Абаканов, тщательно причесав черные, с синевой, волосы, подсел к Жене и принялся проверять ее работу.

— Отметок маловато, девушка. Гуще, гуще надо. Сил не жалейте. И корявенькая у вас цифирь получается. Хромает она на все четыре...

Женя простодушно, как школьница, вскидывала глаза и готова была заплакать от обиды. Ей казалось, что она с ребятами облазила все выщербинки, все бугорочки, — на чем только глаз задерживался, — и на́ тебе...

— Что же вы плачете, милая, бедная деточка... — балагурил Абаканов. — Чуть что — губки надулись. Работаете в общем хорошо, учтя, так сказать, смягчающие вину обстоятельства... Но на этом останавливаться нельзя.

Выполнив обязанность наставника-руководителя, Абаканов подозвал Яшу Яковкина и сел за свою работу. Яша сосчитывал отметки и диктовал, а он накладывал по транспортиру точки на план.

Журба, уединившись, занимался обработкой собранных материалов по трассе, Ипполит Аристархович писал отчеты по геологии и гидрологии местности.

Уже накопилось достаточно данных для обобщения и вывода, но Журба и Абаканов откладывали деловой разговор.

Между тем, отношения изыскательской партии и филиала становились все более натянутыми, и Журба ничем не мог этого объяснить. И вдруг телеграмма, отзывавшая Абаканова с площадки.

— Ничего не понимаю! — воскликнул Абаканов. — Как можно бросить неоконченную работу? Что за глупость!

— Не поедешь! — заявил Журба. — Ответственность беру на себя.

А несколько дней спустя телеграмму получил Журба.

Тогда оба насторожились: телеграмму подписал второй секретарь крайкома Арбузов.

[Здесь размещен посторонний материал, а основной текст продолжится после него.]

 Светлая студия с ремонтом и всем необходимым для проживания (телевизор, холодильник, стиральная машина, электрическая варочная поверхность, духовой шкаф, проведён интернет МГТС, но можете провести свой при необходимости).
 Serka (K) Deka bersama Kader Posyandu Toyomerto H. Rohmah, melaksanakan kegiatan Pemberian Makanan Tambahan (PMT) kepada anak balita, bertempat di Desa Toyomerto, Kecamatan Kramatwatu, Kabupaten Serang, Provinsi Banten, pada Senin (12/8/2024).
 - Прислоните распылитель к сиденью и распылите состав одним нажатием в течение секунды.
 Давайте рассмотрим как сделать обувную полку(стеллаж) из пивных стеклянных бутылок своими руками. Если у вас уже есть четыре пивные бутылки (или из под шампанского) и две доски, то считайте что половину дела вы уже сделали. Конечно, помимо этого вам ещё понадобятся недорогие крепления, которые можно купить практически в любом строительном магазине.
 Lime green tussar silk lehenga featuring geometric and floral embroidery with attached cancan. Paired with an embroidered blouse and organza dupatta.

— А, может, действительно, мы самовольничаем? — спрашивал Журба Абаканова, проверяя свои сомнения. — Наш кругозор ограничен одной точкой, а там, сверху, виднее. Может, вообще не здесь надо ставить завод, а севернее, на центральной сибирской магистрали, или в районе, скажем, Щегловска, или в Хакассии, или на Урале. А мы уткнулись головой в Тубек...

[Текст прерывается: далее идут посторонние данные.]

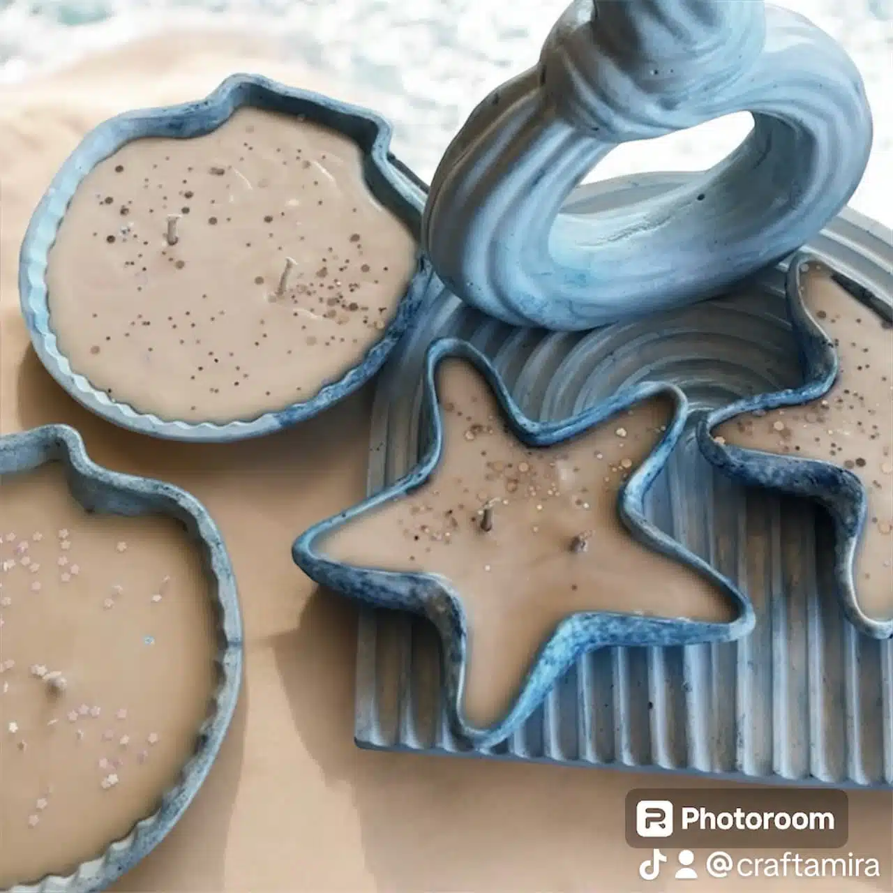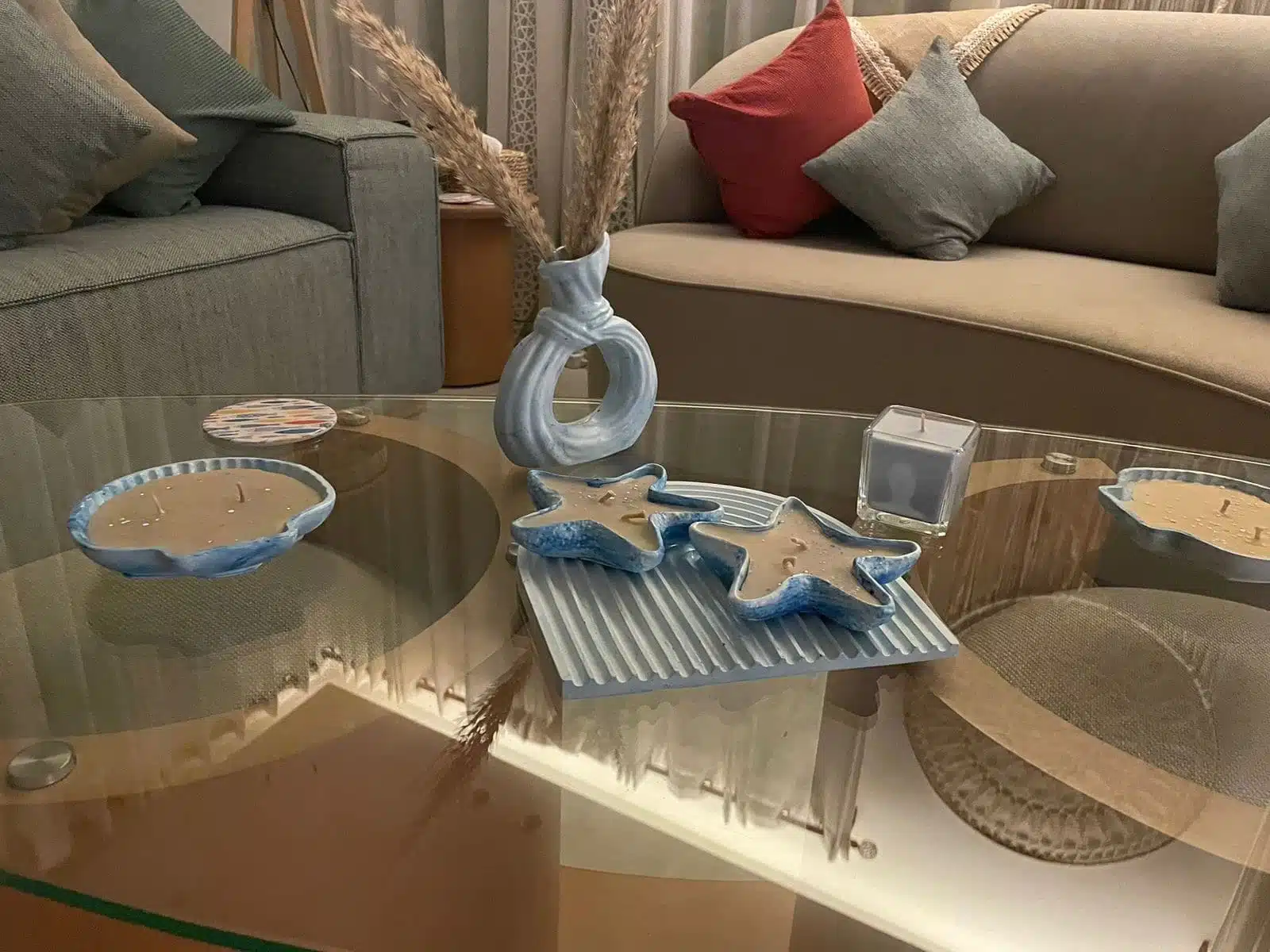 طقم مصمم يدويا ويمكن تغير الالوان وروايح الشمع والمشع مصنوع من شمع الصويا الطبيعي وشمع العسل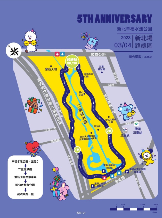 新北場路線圖時間202334日,地點位在「新北幸福水漾公園」,行經路線:幸福水漾公園二重疏洪道重新北側區停車場新北大都會公園疏洪東路一段!
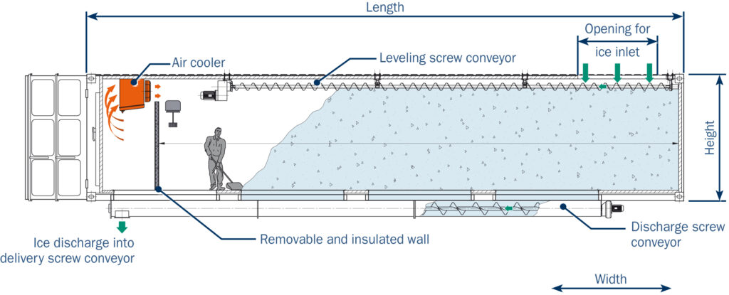 KTI semi-automatic ice storage systems (MIS-sa) are mostly used when smaller quantities of ice are to be stored or when the process does not need to be fully automated. Although the semi-automatic ice storage systems serve as intermediate storage just like all other ice storage systems, they only enable mechanically supported, manual ice discharge.

Тем не менее они не считали возможным сдать без боя позицию, хотелось привлечь внимание правительства к богатейшей тубекской точке, но чтобы иметь право привлечь внимание, требовалось обстоятельно ее разведать. И работа продолжалась.

Дважды в октябре приезжал на площадку Чотыш, беседовал с председателем колхоза Пияковым, с колхозниками, с каждым изыскателем в отдельности, что-то выяснял, расследовал. Умный, серьезный, он находился в затруднительном положении.

— На нас... капают... Ты понимаешь? — говорил Абаканов Журбе. — Интересно только, кто и что?

Телеграммы, приказы, расследования осложняли настроение, мешали работе, но оба, уверенные в своей правоте, продолжали действовать дальше.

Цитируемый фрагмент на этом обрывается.